Sunday, March 30, 2008

My Friends Went to EschaCon and All I Got Was This Lousy Attitude

I have a cat who needs a trip to the vet's, a friend who spent last night in jail, and some sort of respiratory infection that just won't quit. Lots of my online friends are at EschaCon in Philadelphia right now, and despite having been practically ordered to show up, I couldn't because of transportation logistics...and it seems as though it would have been better to have stayed home, had I even tried to go. (How does one cross an international border by rail, anyway?)

Not that I'm, you know, bitter or anything...

Update: Hello to friends from FDL! And thank you Spocko for mentioning me. As always, you're way too good to me. Maybe I can make it to EschaCon or whatever's passing for YKos next year. (Yeah, yeah, yeah, birushalayim ba'shana haba'a...)

Saturday, March 22, 2008

Cab Calloway and Klezmer: A Maven Speaks

According to the associated page information, on July 2, 2007, noted klezmer musician and theorist Hankus Netsky, weighed in on the subject of Cab Calloway and klezmer music at Jbooks.com: Cab Calloway: On the Yiddish Side of the Street. Great minds think alike. Fools seldom differ. Mr. Netsky can pick, if he likes.

My essay on the subject is from January 8, 2007, and is called "Just Tell Her Klezmer Joe Was Here and Had to Go." (Naturally, I had the better title; Netsky is the real musician here, and I'm just a writer with pretensions of know-some-of-it-ism about music...)

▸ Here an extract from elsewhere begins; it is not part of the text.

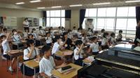 7月14日(金)、松井さんと「こぶしの会」の皆さんにご来校いただき、4・5・6年生を対象とした手話講座を開きました。講座では、全校音楽の『世界中の子どもたちが』と『おりづる』の歌詞に合わせた手話と、日常的な場面でつかえるいろいろなあいさつの手話を教えていただきました。休み間や下校時、覚えたての手話をつかって挨拶している子ども達の姿が見られました。なお、『おりづる』は、夏休み中の平和集会で手話を交えながら全校で歌うことにしています。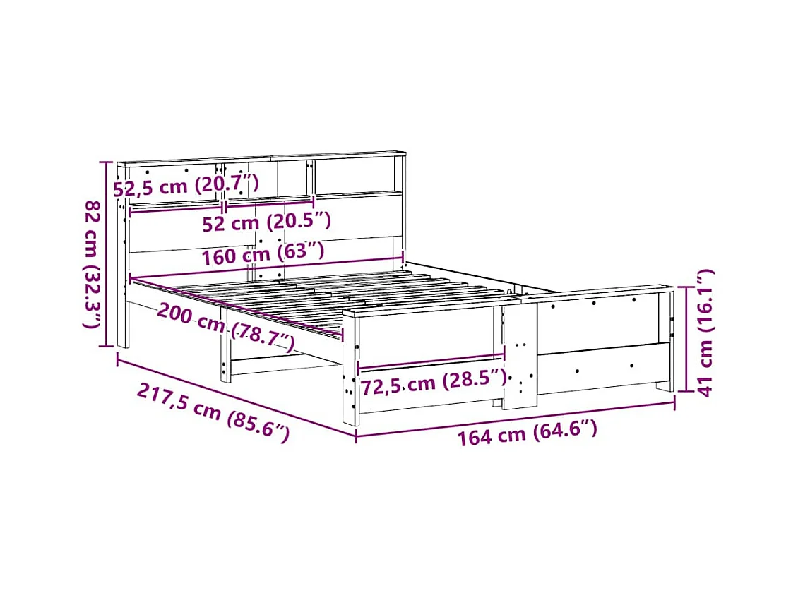 Lit bibliothèque sans matelas 160x200 cm bois massif de pin

Speaking of know-some-of-it-ism about music, I am thinking about writing an essay on rail references in acoustic blues of the 1930s. In the meantime, please go to Archive.org and enjoy the vocal and guitar stylings of the enigmatic lost legend Geeshie Wiley, probably one of the best blues guitarists of the period, and an absolute genius of an arranger, who recorded a grand total of six sides in two sessions in 1930 and 1931 and then disappeared again. And did I mention that Geeshie Wiley was a woman?

Saturday, March 15, 2008

A Tourist's Guide to the Foreign Country Called the Past

Part of the way my perspective on history has been shaped by my background in English literature is that I've developed a real love for primary sources. My anti-authoritarian streak also compels me to go straight to the sources instead of relying on the judgements of historians more professional than I. The internet is actually a wealth of primary-source historical information, all digitised for easy access. (It's like a giant library that just appears at your house! How cool is that?)

Here, presented for your at-home history study pleasure, is a small annotated linkography of primary-source information on the web.

  1. The Internet Archive, which is probably the biggest single collection of primary-source information. (It's not just the "Wayback Machine.") Particularly noteworthy and useful in my estimation are:

        The Prelinger Archives, a collection of digitised films that spans roughly the period between 1920 and 1960, and features a lot of ephemera, such as commercials and public-service films

       The 78 RPM Collection, a library of over 2000 digitised 78 RPM disc and cylinder recordings (I spotted both recordings from both wax and celluloid cylinders). Highlights include some classic Delta blues sides dating from between 1920 and 1940, and a recording of the last living (and only recorded) castrato singer, Alessandro Moreschi.

       The Conet Project, a compilation of recordings of numbers stations.

  2. The World War I Primary Document Archive (thanks to J. Plotke for making me aware of its existence). This resource contains HTML-transcribed versions of documents from the First World War.

  3. The Prokudin-Gorskii Photographic Record recreated online. These are photographs from pre-Revolution Russia, most of them dating to around 1900, that were produced using a unique glass plate negative process that allowed colour images.

  4. The Yad Vashem Museum (you can access their central database of names from the main page) and the Nizkor Project, two of the best Holocaust research sites online.

  5. The Mudcat Cafe, an online collection of information about, lyrics, and music for folk, traditional, and blues, with an emphasis on North American music forms.

  6. Early Recorded Sounds and Wax Cylinders, an archive of early recordings, usually in cylinder format.

  7. The World's Earliest Television Recordings -- Don McLean's site on early British 30-line analogue television disc recordings made in the late 1920s and early 1930s. The site includes Real format video for viewing.


Of course, there are lots more historical resources out there, but being someone who specialises in ephemera and media in a small way, I enjoy these ones the best.